Something has changed in 23.1.9 with
pfsync Synchronize States
and systems that were moderately stable now have significant errors.
------------
Retail customer, multi WAN fail-over, multi site, all with HA firewalls, running WireGuard VPN's running FRR and BGP, hub and spoke, all going back to central head office.
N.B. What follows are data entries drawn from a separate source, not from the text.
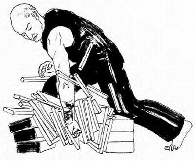 Нужно понять, какой же эффект необходимо ожидать от данных упражнений. Они должны вызывать ощущение прилива крови к рукам. Руки как бы опухают. Многие совершают грубую ошибку, когда только начинают практиковать упражнения по развитию «железной ладони»: стараются производить сильные удары и пытаются очень долго стоять у стены на кулаках, превозмогая усталость. Практикуя таким образом, через некоторое время занимающийся получает травмы рук. На какое-то время придется прекратить тренировки. Бывает, что ученик, невзирая на совет мастера тренироваться полегче, продолжает занятия, в результате чего получает серьезные травмы, из-за которых приходится прекращать тренировки.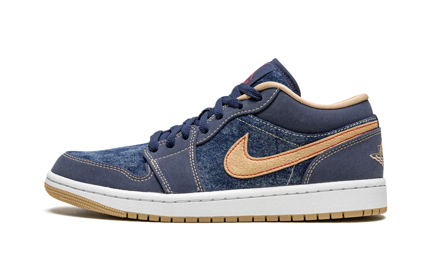 The Air Jordan 1 Low SE "Denim" is a unique look for the low-top version of Michael Jordan's first signature that features a denim construction. Skewing toward the casual lifestyle category, the "Denim" edition of the vintage basketball shoe is complete with a durable blue denim base and Midnight Navy nubuck overlays. A tan suede Swoosh appears on either side of the shoe and a tan Wings logo is embroidered onto the heel. Additional branding appears in the form of a red Jumpman with "Air" on the tongue. A blue "23" logo is embroidered on the lace overlay. The inner lining appears in the same beige color as the Swoosh and "Wings" logo.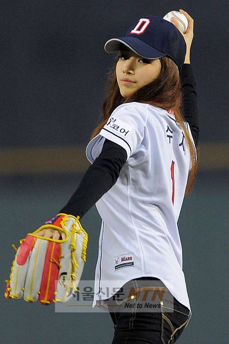 [서울신문NTN 현성준 기자] 미쓰에이 수지가 11일 오후 서울 잠실야구장에서 열린 2010 CJ마구마구 프로야구 플레이오프 4차전 두산과 삼성의 경기에서 시구를 하고 있다.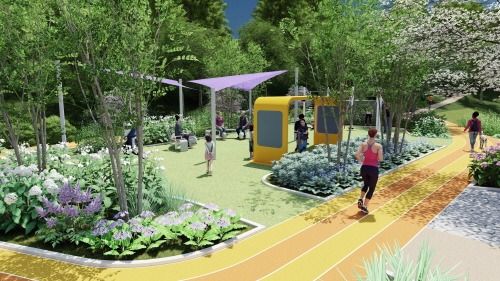 이번에 개발한 조경시설물은 자가발전사이클로 전력을 생성해 야간 조명으로 활용할 수 있고, 생성된 전력을 통한 간단한 게임을 할 수 있도록 구현해 운동, 놀이, 휴식 세가지를 한번에 즐기며 탄소저감을 실천할 수 있는 통합 조경시설물이다.
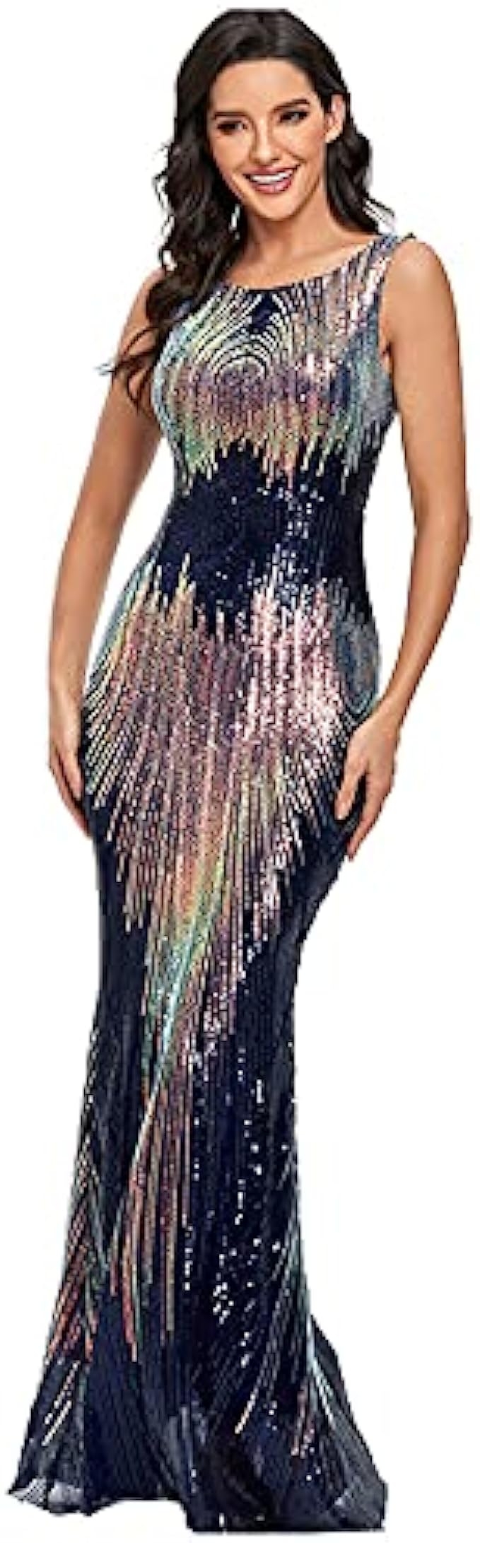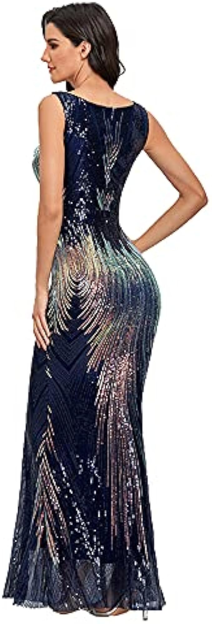 LiveZou Women's Double V-Neck Sequined Evening Party Maxi Dress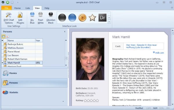 Aún mejor, el reparto, el equipo y otra información como los géneros están vinculados en el programa, y conducen a páginas detalladas en el software. Es necesario buscar la información de los actores por separado para recuperar la información de la IMDB también. Si no lo haces, terminas sin información sobre el actor en el programa, excepto el nombre y alguna información básica.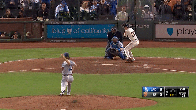 Against reliever George Kontos, Kershaw hit a leadoff homer in the bottom of the eighth to center field. Kershaw became the first Dodger pitcher to hit a home run on Opening Day since Don Drysdale in 1965.

Approx. 40,000 transactions weekly
Before 23.1.9, about 4-5 POS transactions a week would error
Post 23.1.9 upgrade from 23.1.8 - 10+ POS transactions per day were getting broken
23.1.9 disabling System: High Availability: Settings: Synchronize States - now 0 transactions per week being lost
Client - running "POS software", telnet client " POS bank" software
Server - running backend software, client connects to this server via telnet
Check out operator on client:
Client start checkout sale via telnet on server
Server writes a file into a directory on the server
Client POS software scans remote server directory over NetBIOS, sees file, reads file, starts POS bank
Client POS bank completes bank transaction with customer credit card etc, writes POS bank answer file in same directory on remote server over NetBIOS
Client POS software scans remote server directory over NetBIOS for POS bank answer file, reads file, tell server over telnet sale payment success or failure, sale completed
Error condition happens when sales fails to complete in 45 seconds.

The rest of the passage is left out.